In this chapter you learned the following:

· Using the FREQUENCY array function and the TABLE feature, you can create a histogram that summarizes data and automatically updates to include new data.

· The median (computed with the MEDIAN function) is used to summarize a typical value for a highly skewed data set. Otherwise, the mean (computed with the AVERAGE function) is used to summarize a typical value from a data set.

· To measure a data set's spread about the mean, you can use either variance (computed with the Excel VAR function) or standard deviation (computed with the Excel STDEV function). Standard deviation is the usual measure because it is in the same units as the data.

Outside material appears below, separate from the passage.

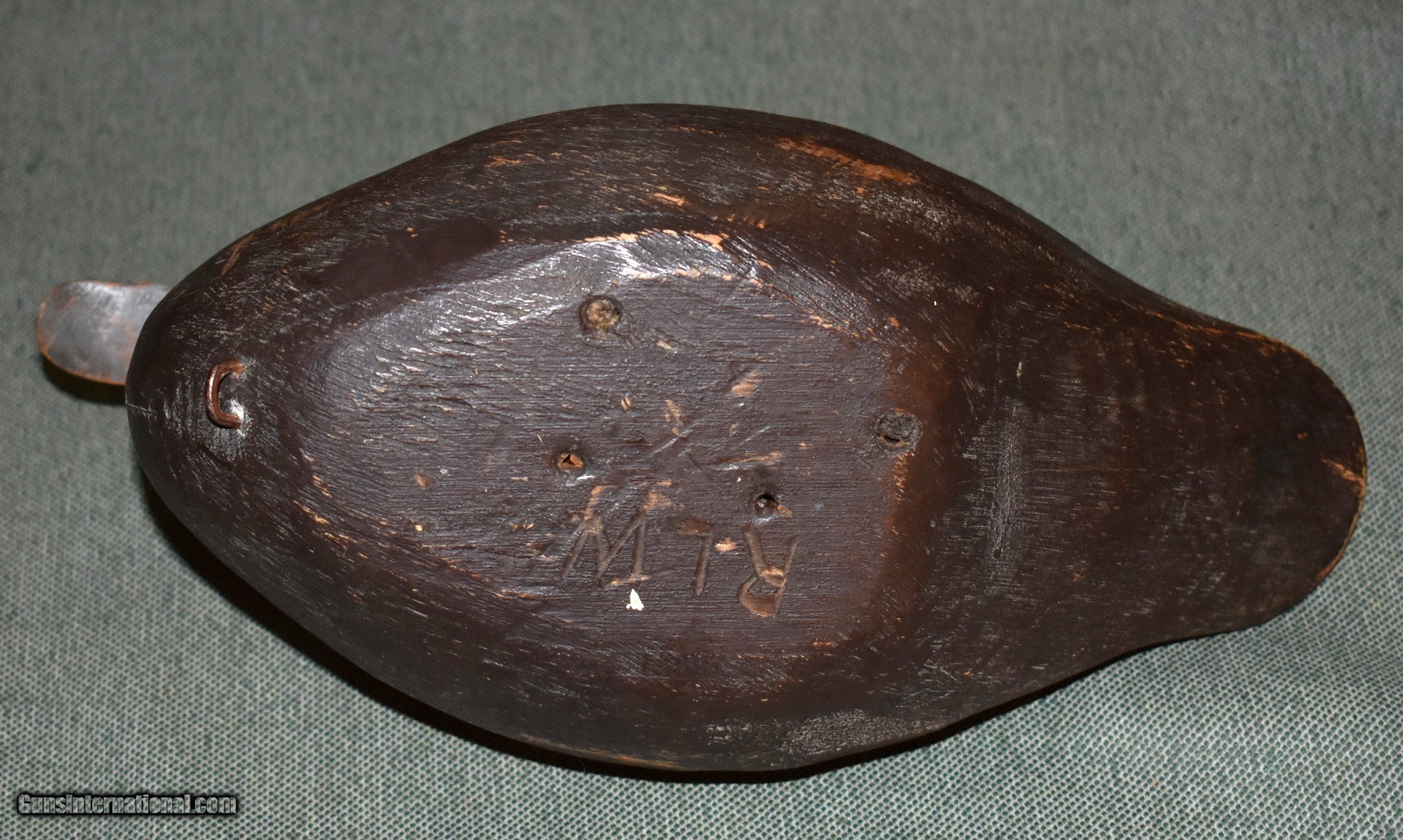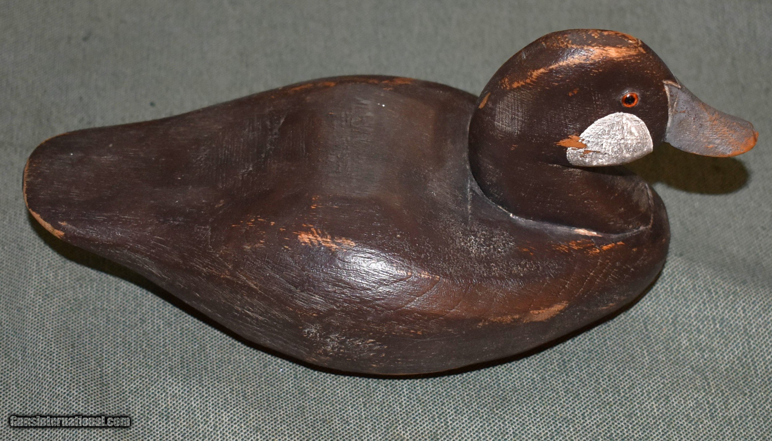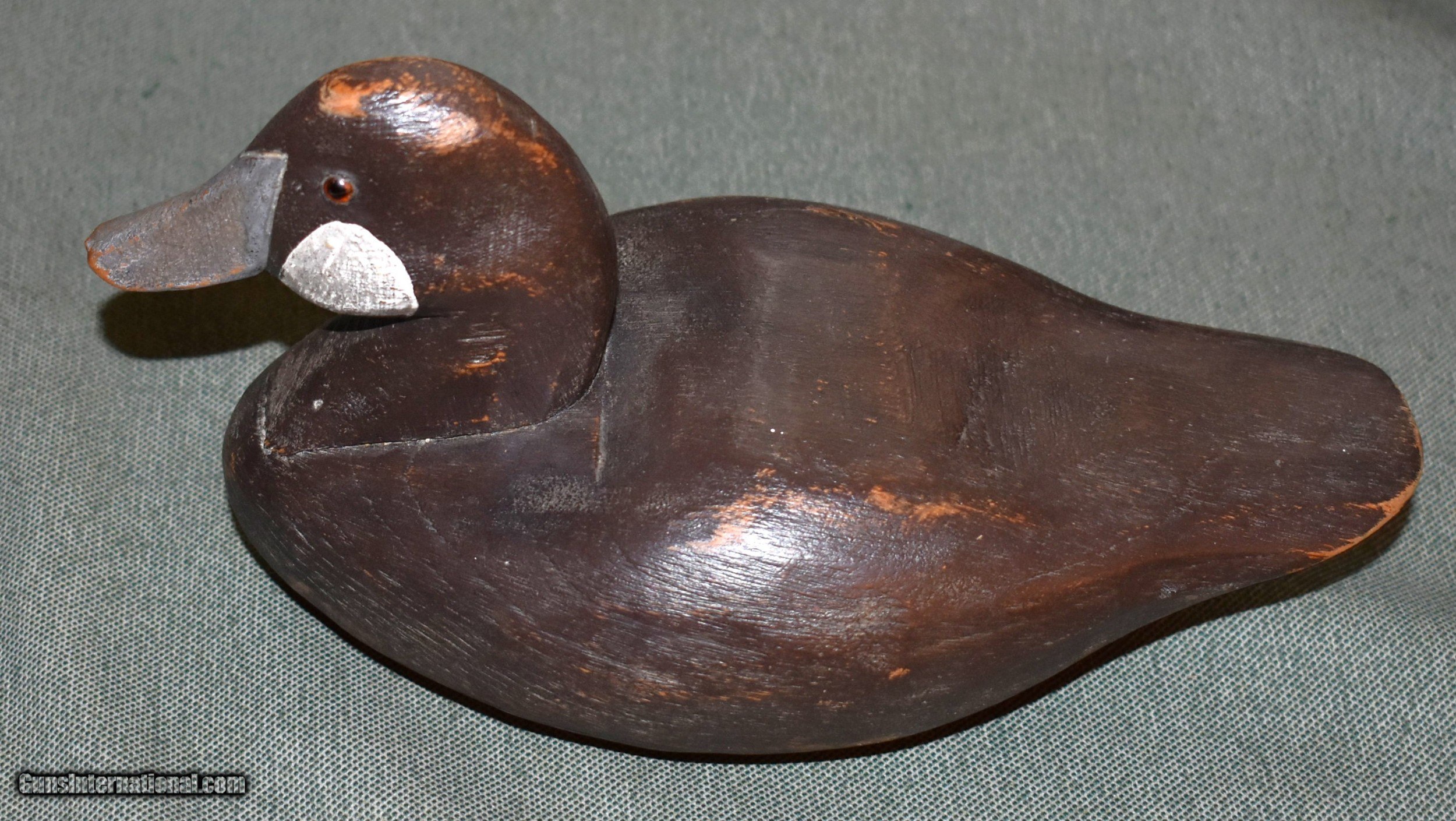 Description: A Ruddy Duck drake hand carved in the 1940s. Glass eyes and original paint. A nice working bird that you seldom see. 91/2" long. Price includes shipping. SOLD |

· For data sets that do not exhibit significant skewness, approximately 95 percent of your data is within two standard deviations of the mean.

· The PERCENTILE.EXC function returns a given percentile for a data set.

· The PERCENTRANK.EXC function returns the percentile rank for a given value in a data set.

· The LARGE and SMALL functions enable you to compute either the *k*th largest or *k*th smallest value in a data set.

· The COUNTIF and COUNTIFS functions enable you to count how many rows in a range meet a single or multiple criteria.

· The SUMIF and SUMIFS enable you to sum a set of rows in a range that meets a single or multiple criteria.

· The AVERAGEIF and AVERAGEIFS functions enable you to average a set of rows in a range that meets a single or multiple criteria.

· The SUBTOTALS feature enables you to create an attractive summary of data that closely resembles a PivotTable. Data must be sorted before you invoke the SUBTOTALS feature.

· Using array functions you can create formulas that mimic a STDEVIF, MEDIANIF, or PERCENTILEIF function.

**Exercises**

**1.** Exercises 1-6 use the data in the Descriptive stats worksheet of the Chapter3bakery.xlsx workbook. Create a dynamically updating histogram for daily cookie sales.

**2.** Are daily cookie sales symmetric or skewed?

**3.** Fill in the blank: By the rule of thumb you would expect on 95 percent of all days daily smoothie demand will be between ___ and ___.

**4.** Determine the fraction of days for which smoothie demand is an outlier.

**5.** Fill in the blank: There is a 10 percent chance daily demand for smoothies will exceed ____.

**6.** Fill in the blank: There is a____ chance that at least 600 cookies will be sold in a day.

**7.** Exercises 7 and 8 use the data in the Data worksheet of the ESPN.xlsx workbook. Find the average age of all ESPN subscribers who make at least $100,000 a year.

**8.** For each location and age group (under 25, 25–39, 40–54, 55, and over) determine the fraction of ESPN subscribers for each location that are in each age group.

**9.** Exercises 9-12 use the data in the Descriptive stats worksheet of the Chapter3bakery.xlsx workbook. Determine the percentage of La Petit Bakery cookie sales for each day of the week and month combination. For example, your final result should tell you the fraction of cookie sales that occur on a Monday in January, and so on.

**10.** Determine the average profit earned for each day of the week and month combination. Assume the profit earned by La Petit Bakery on each product is as follows:

· Cakes: $2

· Cookie: $0.50

· Pie: $1.50

· Smoothie: $1.00

· Coffee: $0.80

**11.** Find the median cake sales on days in which at least 500 cookies were sold.

**12.** Fill in the blank: On days in which at least 500 cookies are sold there is a 5 percent chance at least _____ cookies are sold.

**13.** In the years 1980–2012 median U.S. family income (after inflation) has dropped but mean family income has sharply increased. Can you explain this seeming anomaly?

**14.** Compute and interpret the skewness for the three data sets in the file Skewexamples.xlsx.